You are viewing a plain text version of this content. The canonical link for it is here.
Posted to dev@spark.apache.org by Hyukjin Kwon <gu...@gmail.com> on 2016/04/17 08:06:09 UTC

Question about Scala style, explicit typing within transformation functions and anonymous val.

Hi all,

First of all, I am sorry that this is relatively trivial and too minor but
I just want to be clear on this and careful for the more PRs in the future.

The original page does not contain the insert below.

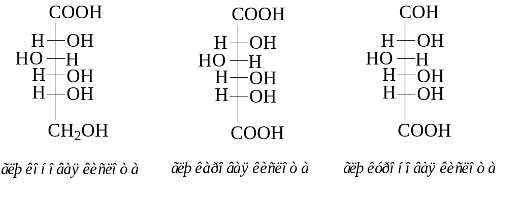 Производные глюкозы. Глюкоза при окислении дает сахарные кислоты. В зависимости от того, при каком атоме углерода (1-м или 6-м) происходит окисление функциональных групп (альдегидной или спиртовой), образуются три кислоты: глюконовая, глюкаровая (сахарная) или глюкуроновая. Глюконовая кислота в виде соли кальция применяется в медицине как общеукрепляющее средство (глюконат кальция). Глюкуроновая кислота является составной частью многих полисахаридов (например, гепарина и гиалуроновой кислоты, см. с. 116).

Recently, I have submitted a PR (https://github.com/apache/spark/pull/12413)
about Scala style and this was merged. In this PR, I changed

1.

from

.map(item => {
  ...
})

to

.map { item =>
  ...
}



2.
from

words.foreachRDD { (rdd: RDD[String], time: Time) => ...

to

words.foreachRDD { (rdd, time) => ...



3.

from

.map { x =>
  function(x)
}

to

.map(function(_))


My question is, I think it looks 2. and 3. are arguable (please see the
discussion in the PR).
I agree that I might not have to change those in the future but I just
wonder if I should revert 2. and 3..

FYI,
- The usage of 2. is pretty rare.
- 3. is pretty a lot. but the PR corrects ones like above only when the val
within closure looks obviously meaningless (such as x or a) and with only
single line.

I would appreciate that if you add some comments and opinions on this.

Thanks!

Re: Question about Scala style, explicit typing within transformation functions and anonymous val.

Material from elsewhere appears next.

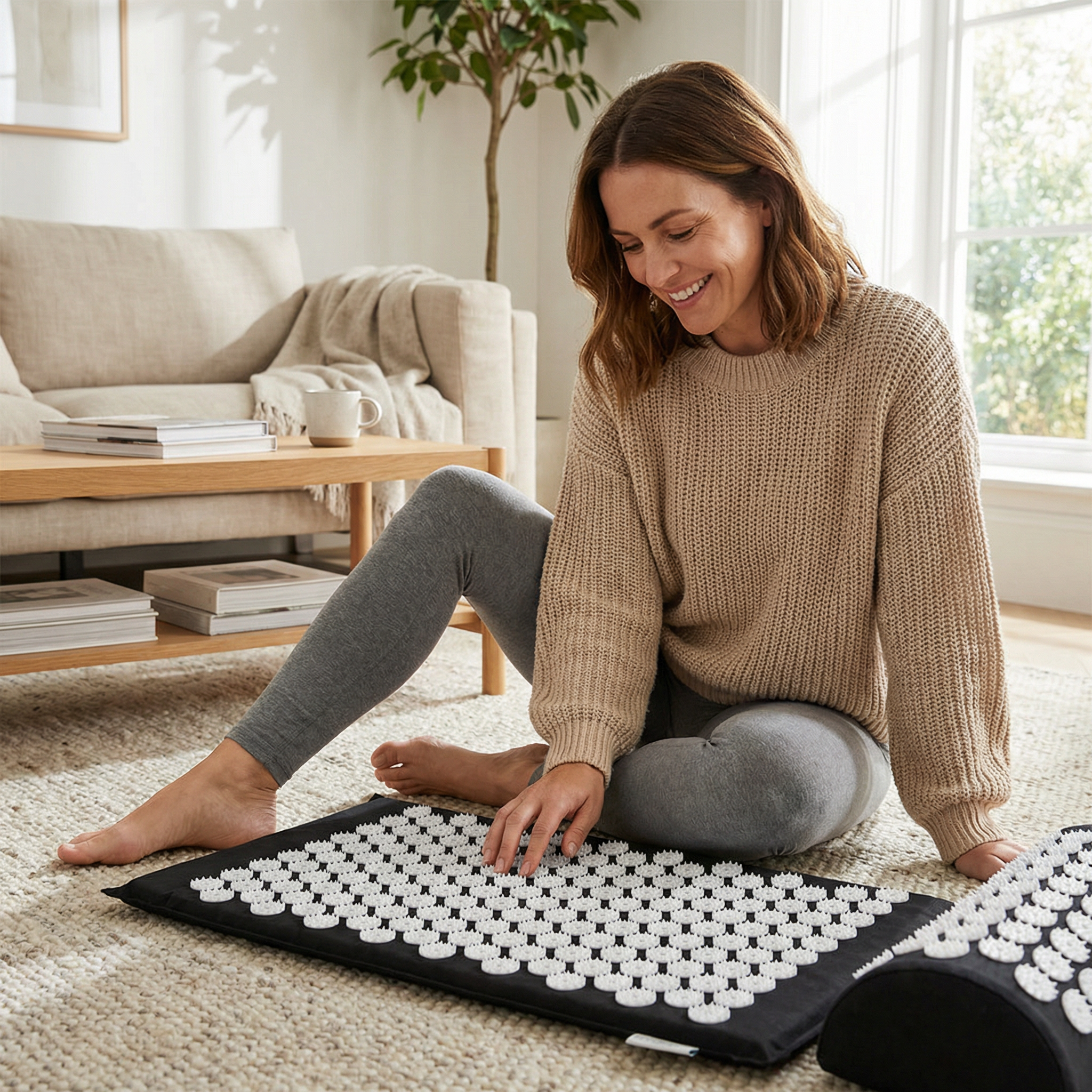 The acupressure mat helps you relax. It does this by stimulating pressure points. This promotes calmness and reduces overstimulation.

Posted by Koert Kuipers <ko...@tresata.com>.
i find version 3 without the _ also more readable

On Sun, Apr 17, 2016 at 3:02 AM, Mark Hamstra <ma...@clearstorydata.com>
wrote:

> I actually find my version of 3 more readable than the one with the `_`,
> which looks too much like a partially applied function.  It's a minor
> issue, though.
>
> On Sat, Apr 16, 2016 at 11:56 PM, Hyukjin Kwon <gu...@gmail.com>
> wrote:
>
>> Hi Mark,
>>
>> I know but that could harm readability. AFAIK, for this reason, that is
>> not (or rarely) used in Spark.
>>
>> 2016-04-17 15:54 GMT+09:00 Mark Hamstra <ma...@clearstorydata.com>:
>>
>>> FWIW, 3 should work as just `.map(function)`.
>>>
>>> On Sat, Apr 16, 2016 at 11:48 PM, Reynold Xin <rx...@databricks.com>
>>> wrote:
>>>
>>>> Hi Hyukjin,
>>>>
>>>> Thanks for asking.
>>>>
>>>> For 1 the change is almost always better.
>>>>
>>>> For 2 it depends on the context. In general if the type is not obvious,
>>>> it helps readability to explicitly declare them.
>>>>
>>>> For 3 again it depends on context.
>>>>
>>>>
>>>> So while it is a good idea to change 1 to reflect a more consistent
>>>> code base (and maybe we should codify it), it is almost always a bad idea
>>>> to change 2 and 3 just for the sake of changing them.
>>>>
>>>>
>>>>
>>>> On Sat, Apr 16, 2016 at 11:06 PM, Hyukjin Kwon <gu...@gmail.com>
>>>> wrote:
>>>>
>>>>> Hi all,
>>>>>
>>>>> First of all, I am sorry that this is relatively trivial and too minor
>>>>> but I just want to be clear on this and careful for the more PRs in the
>>>>> future.
>>>>>
>>>>> Recently, I have submitted a PR (
>>>>> https://github.com/apache/spark/pull/12413) about Scala style and
>>>>> this was merged. In this PR, I changed
>>>>>
>>>>> 1.
>>>>>
>>>>> from
>>>>>
>>>>> .map(item => {
>>>>>   ...
>>>>> })
>>>>>
>>>>> to
>>>>>
>>>>> .map { item =>
>>>>>   ...
>>>>> }
>>>>>
>>>>>
>>>>>
>>>>> 2.
>>>>> from
>>>>>
>>>>> words.foreachRDD { (rdd: RDD[String], time: Time) => ...
>>>>>
>>>>> to
>>>>>
>>>>> words.foreachRDD { (rdd, time) => ...
>>>>>
>>>>>
>>>>>
>>>>> 3.
>>>>>
>>>>> from
>>>>>
>>>>> .map { x =>
>>>>>   function(x)
>>>>> }
>>>>>
>>>>> to
>>>>>
>>>>> .map(function(_))
>>>>>
>>>>>
>>>>> My question is, I think it looks 2. and 3. are arguable (please see
>>>>> the discussion in the PR).
>>>>> I agree that I might not have to change those in the future but I just
>>>>> wonder if I should revert 2. and 3..
>>>>>
>>>>> FYI,
>>>>> - The usage of 2. is pretty rare.
>>>>> - 3. is pretty a lot. but the PR corrects ones like above only when
>>>>> the val within closure looks obviously meaningless (such as x or a) and
>>>>> with only single line.
>>>>>
>>>>> I would appreciate that if you add some comments and opinions on this.
>>>>>
>>>>> Thanks!
>>>>>
>>>>
>>>>
>>>
>>
>

Re: Question about Scala style, explicit typing within transformation functions and anonymous val.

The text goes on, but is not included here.